Gonzalo produced 5.7″ of rain in St Martin, and Irma more than 9″. These levels of rainfall cause flash flooding, which can wash away built structures and trees, sweeping them downhill and causing impact damage, heavy rain will also wash away the stands supporting boats in the boatyards. Boats topple over on top of their neighbours and neighbouring items, keel-to-hull joints are stressed, bolts can break, stands can punch holes through boat hulls and pierce internal structures such as fuel and water tanks. Masts smash against each other and break.
Hatches smashed by flying debris open the boat’s interior to the elements, and rainwater can soak cushions and wood cabinetry.
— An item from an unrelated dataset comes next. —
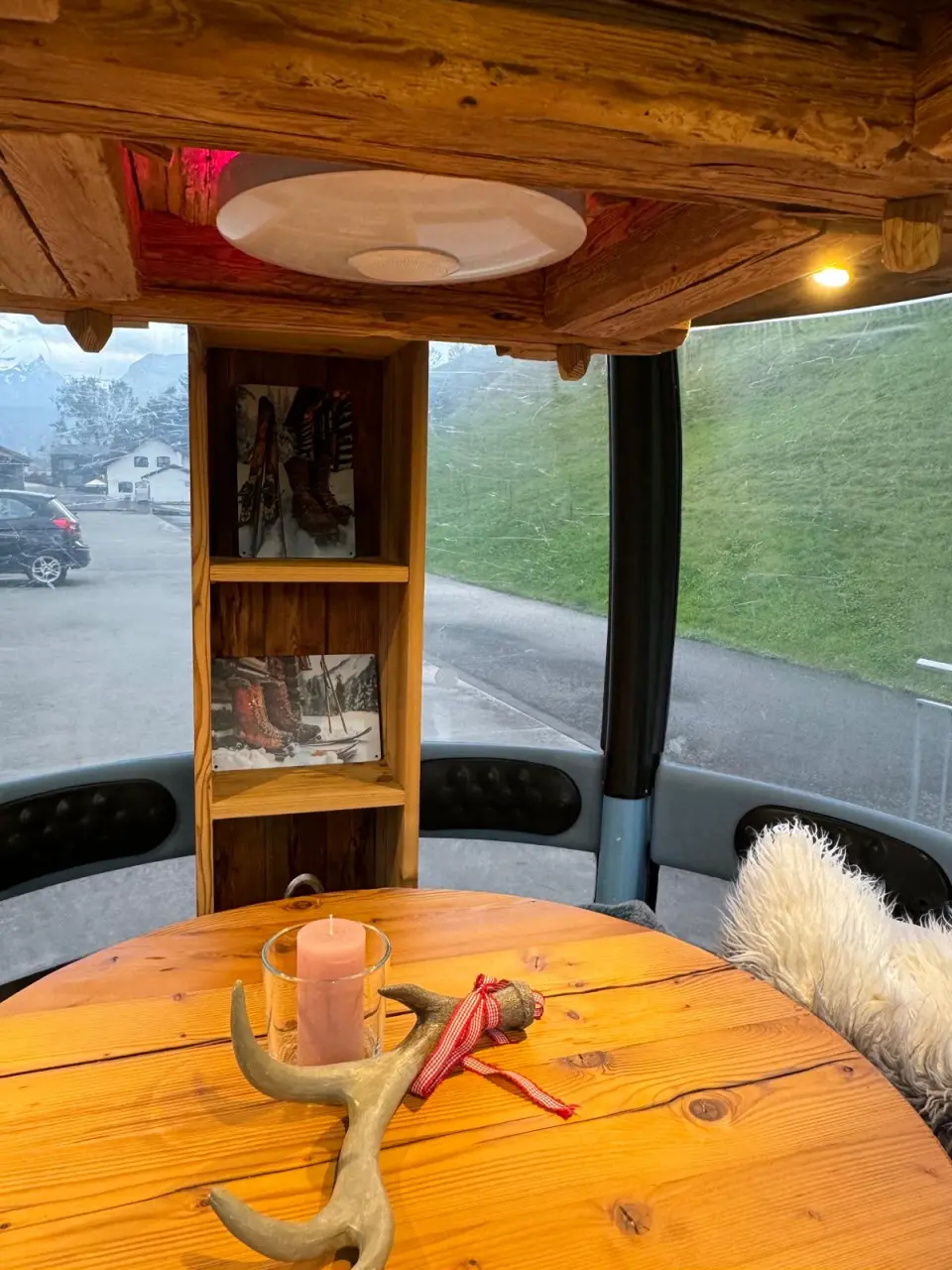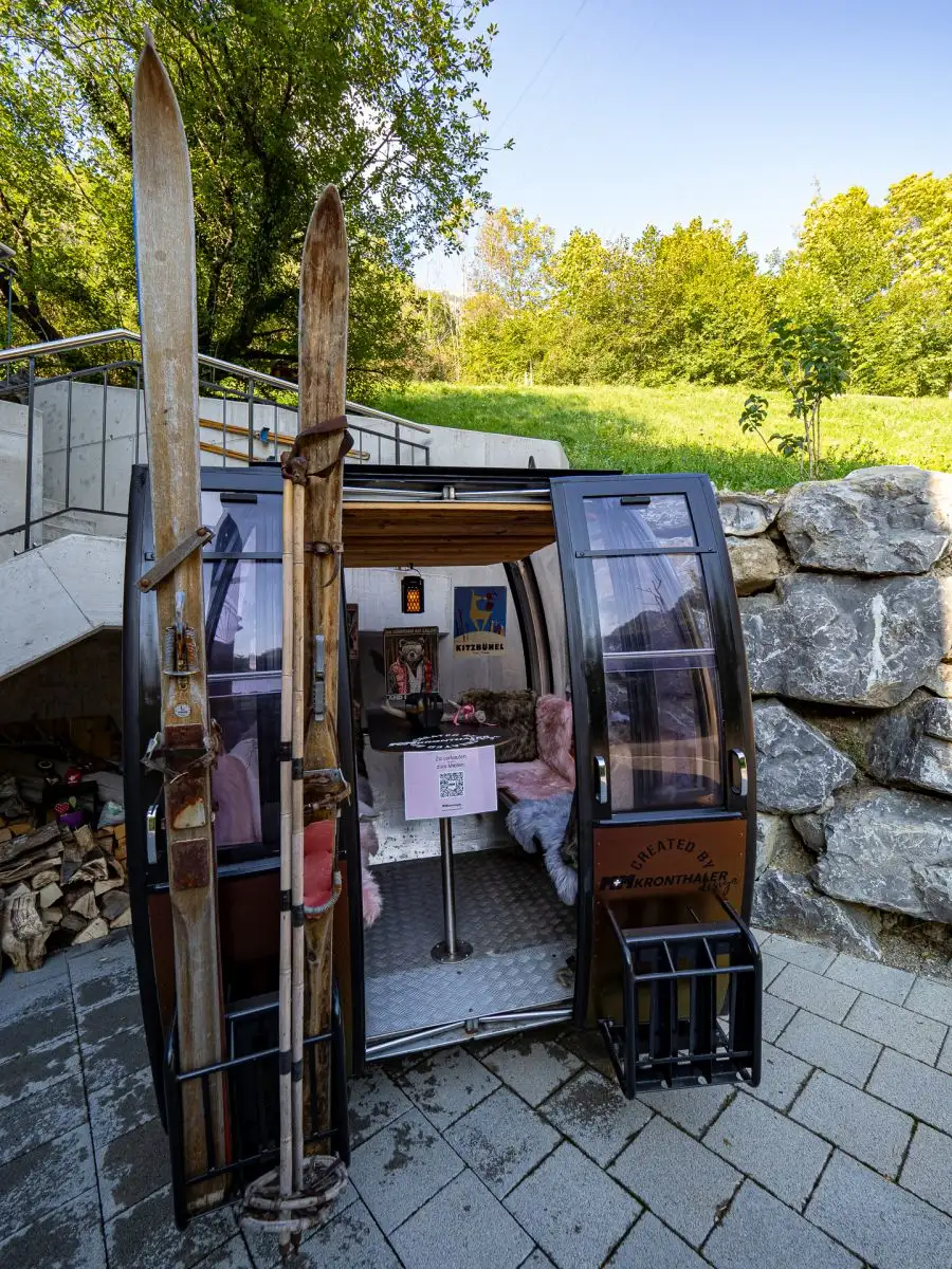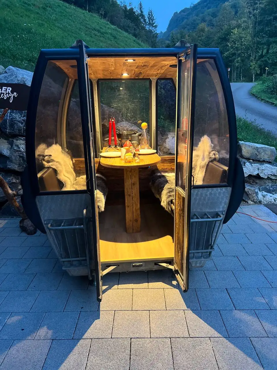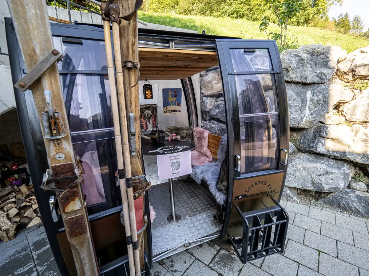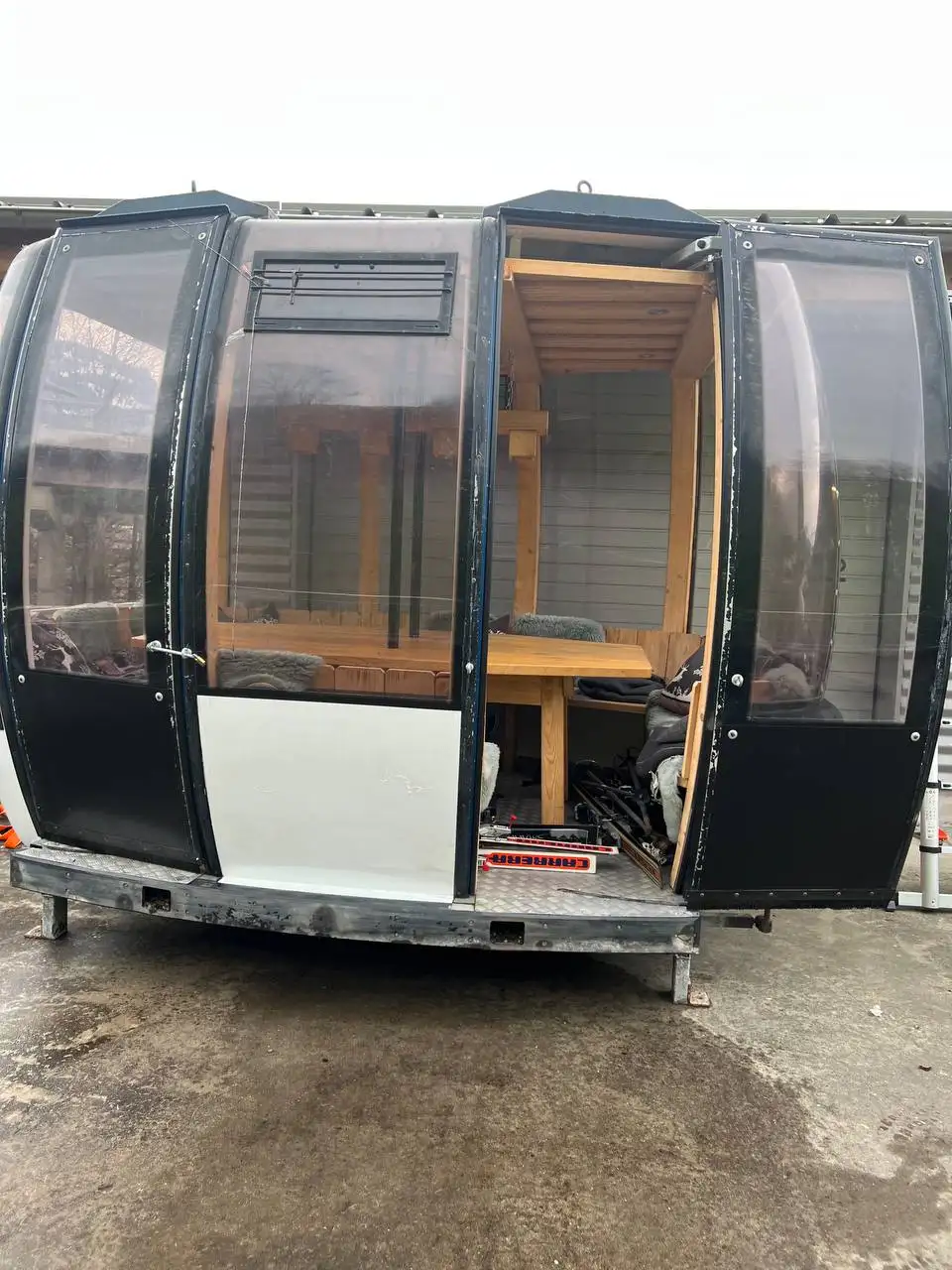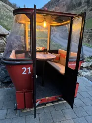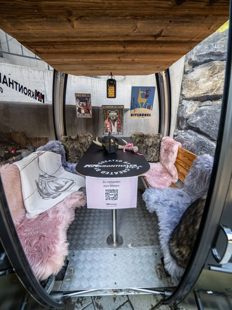 Alle unsere Gondeln sind vollständig ausgestattet, einschliesslich Altholzverkleidung, Stromanschluss und Beleuchtung. Darüber hinaus sind sogar Lautsprecher integriert, um für eine heimelige Atmosphäre zu sorgen.

The sea level rose 3 metres during Hurricane Irma. Boats in the boatyards which would typically have been clear of the water, tried to float, vast volumes of water washed between the sea and the lagoon sweeping away or dislodging docks, containers and vessels with it. On the coastal side, waves smashed over waterside buildings and sea walls, and boats anchored or moored in marinas were washed over the top of the retaining walls and were found many metres inland.
Boats moored or at anchor with inadequate bilge pumping arrangements to cope with rain and waves washing through smashed hatches sank with the sheer volume of water inside.
Here is a video I took in the aftermath of Hurricane Irma.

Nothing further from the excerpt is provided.